General information
- Type: Ultralight trike
- National origin: France
- Manufacturer: DTA sarl
- Status: In production (2013)

= DTA Evolution =

French ultralight trike

The DTA Evolution is a French ultralight trike, designed and produced by DTA sarl of Montélimar. The aircraft is supplied as a complete ready-to-fly-aircraft.

==Design and development==
The aircraft was designed as a simple trike, with an exceptional payload, to comply with the Fédération Aéronautique Internationale microlight category, including the category's maximum gross weight of 450 kg. The aircraft has a maximum gross weight of 400 kg. It features a cable-braced hang glider-style high-wing, weight-shift controls, a two-seats-in-tandem open cockpit without a cockpit fairing, tricycle landing gear with wheel pants and a single engine in pusher configuration.
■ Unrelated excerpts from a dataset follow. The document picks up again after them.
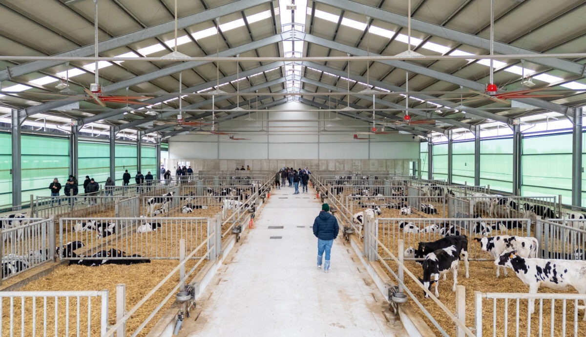 La nuova vitellaia è in grado di ospitare a pieno carico 500 animali, 250 vitelli 0-30gg e 250 capi dai 30gg fino ai 3/4 mesi di vita. La struttura ha una larghezza di 30m e si sviluppa su 100m di lunghezza, con un’altezza in gronda di 5m fino ad arrivare ai 10m del colmo. L’areazione e la luminosità dei locali è garantita, oltre che dalle dimensioni della struttura stessa e da un impianto di ventilatori, da un sistema di reti perimetrali a doppia apertura, dal basso verso l’alto e dall’altro verso il basso, e dall’applicazione di un cupolino con copertura in policarbonato che permettono l’irraggiamento all’interno della struttura e un ricambio d’aria costante.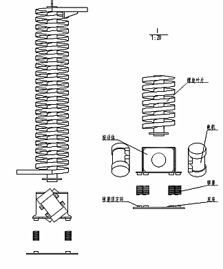 螺旋垂直提升機的驅動裝置振動電機安裝在輸送塔下部,兩臺振動電機對稱交叉安裝,輸送塔由管體和焊接在管體周圍的螺旋輸送槽組成,輸送塔座于減振裝置上,減振裝置由底座和隔振彈簧組成。當垂直提升機工作時,根據雙振動電機自同步原理,由振動電機產生激振力,強迫整個輸送塔體作水平圓運動和向上垂直運動的空間復合振動,螺旋槽內的物料則受輸送槽的作用,作勻速拋擲圓運動,沿輸送槽體向上運動,從而完成物料的向上(或向下)輸送作業,因此本設備也被成為振動垂直輸送機。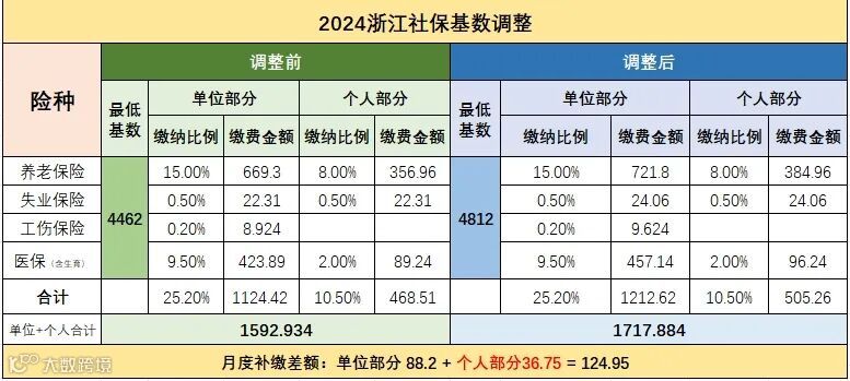 2024年浙江省社保缴费基数新变化

The aircraft is made from bolted-together aluminum tubing, with its single surface wing covered in Dacron sailcloth. Its 10.30 m span DTA Dynamic 16 wing is supported by a single tube-type kingpost and uses an "A" frame weight-shift control bar. The powerplant is a twin cylinder, air-cooled, two-stroke, dual-ignition 50 hp Rotax 503 engine, with the liquid cooled 64 hp Rotax 582, the four cylinder, air and liquid-cooled, four-stroke, dual-ignition 80 hp Rotax 912 or 100 hp Rotax 912S engines optional.

With the Rotax 503 and the Dynamic 16 wing, the aircraft has an empty weight of 166 kg and a gross weight of 400 kg, giving a useful load of 234 kg. With full fuel of 50 L the payload is 198 kg.

A number of different wings can be fitted to the basic carriage, including the DTA Dynamic, DTA Diva and the strut-braced DTA Magic.

==Operational history==
In September 2003 a French flying team flew an Evolution from Paris to Dakar, making use of the aircraft's high payload to carry all needed supplies.